Salmon and Spinach Quiche Filling
- Fry your finely chopped onion in your knob of butter or olive oil over a medium-high heat. Keep moving it about until the edges just start to brown.
- Add your minced garlic and fry for another 1-2 minutes.
- Scatter evenly over the base of your baked pie case.
- Flake your cooked salmon into chunks of about an inch and scatter over the onion in the pie case.
- Wash your spinach and remove the stalks, pour over about 200ml of just boiled water to blanch it and then spread the spinach out onto a piece of kitchen paper to dry off, pat the top dry.
- Scatter the spinach over the cooked salmon.
- Beat your eggs together lightly and then add to your double (heavy) cream along with your chopped dill and briefly beat together to combine. season with about half a teaspoon of sea salt flakes and about 4 grinds of pepper.
- Sprinkle roughly two-thirds of your grated cheese over the spinach and then pour over your egg and mixture.
- Sprinkle over the rest of your grated cheese.
- Bake in the centre of your oven for 35-40 minutes or until your quiche is golden on top and no longer liquidy in the middle but it still has a slight wobble in the centre.

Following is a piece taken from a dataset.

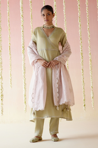 This refined three-piece set includes an Angrakha, Pant, and Dupatta. The Angrakha is adorned with delicate aari work along the edges, offering a touch of elegance. It pairs perfectly with narrow pants featuring lace details. Crafted from fine, luxurious fabric, this set ensures all-day comfort and timeless style.

- Leave to cool and set for 20 minutes and then serve along with a fresh salad and some boiled new potatoes doused in butter and sprinkled with some chopped flat-leaf parsley.
Supporting Notes
-
- Use butter straight from the fridge, because it produces a flaky pastry and because it doesn't soak into the flour.
-
- Use ice-cold water and only add as much as it takes for the pastry to clump together.
-
- If your dough is overwet simply add some more flour.
-
- Do not over-mix stop as soon as the pastry starts to form large clumps and never knead it as this develops gluten in the flour and the baked pastry will be tough and hard.
-
- Always prick the case of the pastry case, this allows steam to escape whilst baking and prevents a soggy bottom!
-
- Chill your pastry once you've lined your tart tin this stabilises the pastry, resets the fat, ensures a flaky pastry and, most importantly, stops it from shrinking in the tin whilst baking.
- Fry your garlic for just a couple of minutes with your onion as overcooked garlic turns bitter.

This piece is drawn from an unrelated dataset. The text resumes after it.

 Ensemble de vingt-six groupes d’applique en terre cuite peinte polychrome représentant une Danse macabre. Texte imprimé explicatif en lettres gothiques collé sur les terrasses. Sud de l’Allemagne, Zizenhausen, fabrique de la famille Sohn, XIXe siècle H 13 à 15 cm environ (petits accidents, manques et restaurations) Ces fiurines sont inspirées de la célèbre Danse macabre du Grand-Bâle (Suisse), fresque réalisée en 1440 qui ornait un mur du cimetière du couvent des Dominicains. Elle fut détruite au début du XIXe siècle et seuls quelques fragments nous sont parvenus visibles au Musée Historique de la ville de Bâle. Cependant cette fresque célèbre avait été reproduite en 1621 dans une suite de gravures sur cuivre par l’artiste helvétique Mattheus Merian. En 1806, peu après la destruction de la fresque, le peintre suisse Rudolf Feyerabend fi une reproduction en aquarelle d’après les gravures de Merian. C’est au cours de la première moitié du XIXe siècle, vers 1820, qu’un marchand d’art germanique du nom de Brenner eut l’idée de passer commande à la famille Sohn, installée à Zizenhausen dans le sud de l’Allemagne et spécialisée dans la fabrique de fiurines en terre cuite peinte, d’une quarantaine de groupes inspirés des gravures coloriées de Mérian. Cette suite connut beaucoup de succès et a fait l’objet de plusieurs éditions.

- Pre-cook your salmon, this recipe explains how, I tend to roast mine uncovered for 15-20 minutes, leave it to cool and set for 10-15 minutes and then it will easily flake into large chunks.
- Pre-beat your eggs before beating them into your cream otherwise, your cream will over-thicken.
- Test the centre of the quiche by peeling back a little of the skin that has formed on the top in order to check if it is ready, if it is watery and runny pop it back into the oven for a few more minutes. It should look somewhere between runny and not 100% set and have a little wobble to it when ready. The quiche should be left for 20 minutes to fully set when it comes out of the oven (cook it too long and the egg becomes a bit rubbery).
- If there is a risk that your filling may overspill bake it on a baking sheet.